Montana Made Whole
by Ron E. Peck, Esq.
In the case of Ferguson v. Safeco Insurance Co. of America, 2008 WL 854841 (Mont.,2008), the Supreme Court of the State of Montana was asked to determine whether insureds could sue their insurance carrier in a class action suit, suing that insurance carrier for pursuing subrogation / reimbursement opportunities without first confirming that the insureds had been made whole. In Montana, policies regulated by state law may not subrogate or seek reimbursement for claims paid until the claimant is made whole by the tortfeasor or other liable third party first. Ordinarily, courts require the insured (and their attorney) to advise the insurance carrier that the insured has not been made whole, that the made whole doctrine applies, and provide evidence of the insured’s not being made whole. In the case at hand, however, the insured sued the insurance carrier not because it ignored her claim of not being made whole, but rather, failed to investigate on its own whether the insured had been made whole prior to pursuing reimbursement opportunities.

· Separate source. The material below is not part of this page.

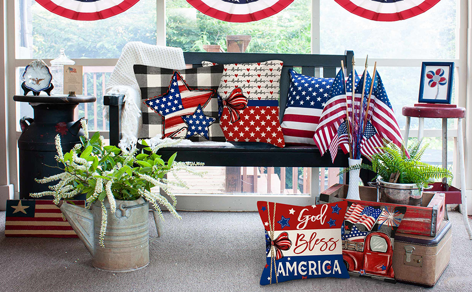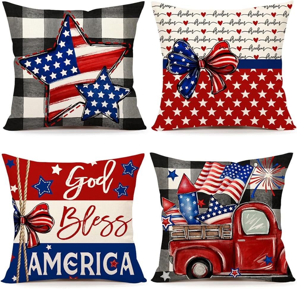أغطية وسائد الرابع من يوليو مقاس 45.72 × 45.72 سم مجموعة من 4 قطع، نجوم وطنية، الله يبارك أمريكا، الصيف، المزرعة، عيد الاستقلال، يوم الذكرى التذكاري، غطاء وسادة لتزيين المنزل والأريكة TH201

The insured, Ferguson, was involved in a motor vehicle accident. She was insured by Safeco. Safeco intervened in a lawsuit against the third party that caused the incident, and recovered some of the amounts it paid. Ferguson initiated action against Safeco claiming that she had not been made whole prior to Safeco obtaining funds, Safeco never provided her with notice of its intent to subrogate, and Safeco never investigated or made a determination as to whether Ferguson was made whole.
The Supreme Court, reviewing Ferguson’s case, states that the insurer has a duty to first determine whether the insured has been made whole before the insurer may collect subrogation monies.
In the words of Attorney Gary L. Wickert of Matthiesen, Wickert & Lehrer, S.C., “This is the sort of inimical judicial activism which will destroy us in the long run, if we don’t undertake an expansive and enduring public education campaign with regard to subrogation.”
Indeed, until the courts of Montana reconsider their interpretation of the Made Whole rule, it seems that to avoid negative repercussions, any insurance carrier that hopes to obtain reimbursement in the State of Montana will have to advise insureds of their intent to subrogate, and request that insureds advise them regarding their “made whole” status. Then again, prior to accepting reimbursement funds from a liable third party, insurers will want to discuss their recovery with the insured to avoid this kind of backlash.